Юрий так зашелся смехом, что не мог вымолвить ни слова.

– Прости меня, старик, – наконец выдавил он. – А где и как ты умудрился подцепить эту, как ее…

Он не договорил, оставляя за мной право назвать имя.

– Людмилу-то? Я познакомился с ней на собрании начинающих лечение от алкоголя. Высидеть до конца там не смог, да и она тоже. Мы двинулись, не сговариваясь, в двенадцатый винный магазин на Вековой улице. А поход наш закончился у меня дома, где мы надрались как последние сволочи.

– А все остальное принадлежит истории, – заключил он, не переставая ржать.

Я, как баран, глупо качнул головой и заржал вслед за ним.

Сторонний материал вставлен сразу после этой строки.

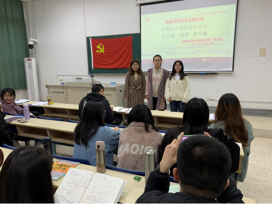 2021年12月11日,南京财经大学国际经贸学院本科生第一党支部在在德经楼108教室召开预备党员转正支部大会,讨论本支部汪子欣、赵利、吴川丽3名预备党员按期转正事宜,支部大会由本科生第一党支部书记孙绪华主持,支部大会应到党员48人,实到党员48人,其中有表决权的正式党员8人,实到正式党员8人。

– Ну вот, – сказал Юрий, сразу став серьезным, – теперь мне понятно, почему ты не можешь попадаться Вере на глаза. Но почему не можешь пойти спать к себе?

– Кто-то пытается убить меня.

– Что и следовало ожидать, – меланхолично повторил Юрий, понимающе кивнув.

У него был вид терпеливого родителя, который всю жизнь посвятил воспитанию непослушного дитяти, но тот то и дело попадает в беду.

– Кто это, я и понятия не имею.

Юрий снова кивнул, вышел из комнаты и принес картонную коробочку ванильного мороженого и две чашки. Выложил в них по большой порции этого сладкого деликатеса и заполнил все персиковым бренди.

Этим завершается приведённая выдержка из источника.